As Congress continues to debate our spending priorities for the coming years, Americans are very concerned about the impact our decisions will have on their health care options. I will continue to advocate for access to affordable, quality care for all Americans and protection of Medicare and Medicaid beneficiaries from drastic cuts.
The Health Care Reform Law
In March of 2010, I voted to pass the Affordable Care Act, historic legislation overhauling our nation's broken health-care system. Beginning on January 1, 2014, with commencement of the health care marketplace, 40 million Americans have access to coverage they could not previously afford, and up to 129 million Americans with pre-existing health conditions are no longer being denied coverage by insurers.
Since passage of the law, people in the Seventh District and around the country have already realized many benefits including:
12 million uninsured Americans gained coverage in 2014 - the first year ACA's coverage provisions were in effect.
219,185 people in Indiana were covered through the health insurance marketplace as of February 2015.
87 percent of Hoosiers on the marketplace qualified for an average tax credit of $319 per month.
53 percent of Indiana Marketplace enrollees obtained coverage for $100 or less after any applicable tax credits in 2015, and 85 percent had the option of doing so.
254,127 Hoosiers with private insurance coverage benefited from $11,889,719 in refunds from insurance companies, for an average refund of $84 per family.
Open enrollment for 2016 coverage runs from November 1, 2015 to January 31, 2016. If you need help searching for plans on the health insurance marketplace, you can learn more by:
Visiting the online website at www.healthcare.gov
Finding an In-Person Assister, also called a Navigator, by visiting https://localhelp.healthcare.gov/.
Calling the 24-Hour Affordable Care Act Call Center at 800-318-2596.
Healthy Indiana Plan 2.0 and Medicaid Expansion in Indiana
Medicaid is an entitlement program that provides health coverage to low income Americans. Prior to passage of the health reform law in 2010, eligibility for Medicaid was generally limited to low-income children, pregnant women, parents of dependent children, the elderly, and people with disabilities. However, the new law allows other low-income individuals, such as childless adults to get coverage through Medicaid in states that expand the program--at no cost to the states through 2016.
I worked hard to extend this important health coverage to vulnerable Hoosiers, many of whom have never been insured. Unfortunately, Indiana has chosen not to expand traditional Medicaid and as a result Hoosiers will not have the same access to health coverage as people in our neighboring states, such as Kentucky. However, with my support, our state received a waiver to pursue a limited expansion, the Healthy Indiana Plan 2.0. The plan provides coverage to some low income individuals by requiring beneficiaries to pay a personal responsibility contribution and, under certain circumstances, requires copays. Although it is not as ideal as traditional Medicaid, I was happy to support efforts to implement the Healthy Indiana Plan 2.0. It offers full health benefits, including hospital services and mental health care. I will continue to work with community leaders to educate all Hoosiers to ensure that they receive the best benefits and health care possible.

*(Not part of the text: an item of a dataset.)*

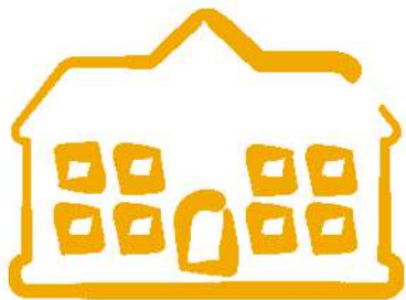
CENTRO EDUCATIVO EL TRÁNSITO

Y por último, se están iniciando los preparativos para la realización del evento nacional de sensibilización y ampliación de conocimientos sobre el tema junto a la Coalición Global para Proteger la Educación de Ataques (GCPA), en el que se espera apoyo e involucramiento activo de las Embajadas de Noruega, Argentina, Canadá, España, (los primeros líderes a nivel global).

Medicare and Protecting The Health of Our Seniors
Medicare is a federal insurance program that pays for covered health care services of qualified beneficiaries, including individuals 65 and older. I have continuously fought to protect our seniors from the rising costs of health care. As my colleagues and I continue to look for ways to make Medicare more efficient, I am committed to maintaining a high quality of care.
Access to health services and prescription drugs through Medicare is only the first hurdle our seniors face as they deal with problems such as serious illnesses and living on fixed-incomes. The Affordable Care Act eased some of the burdens on seniors by helping seniors close the gap between coverage and out of pocket expenses for prescription drugs. In Indiana, Medicare beneficiaries have already saved nearly $377,084,734 on prescription drugs. In 2014 alone, 126,526 Hoosiers saved over $117,854,817, or an average of $931 per beneficiary. Other ways our seniors are benefitting include:
Reduced prescription drug costs. In 2015, Medicare beneficiaries received a 55 percent discount on covered brand name drugs and a 35 percent discount on generic drugs to help ease out of pocket expenses.
Free Medicare coverage of key preventive services, such as mammograms and colonoscopies, and annual wellness visits.
Additional savings, including stable and lower premiums and a lower deductible.
Extended solvency of the Medicare Trust Fund by nearly a decade.
Reduced fraud and abuse that would have resulted in higher costs to seniors. The health law includes new technology and tougher screening procedures that have led to more than $27 billion being returned to the Medicare Trust Fund.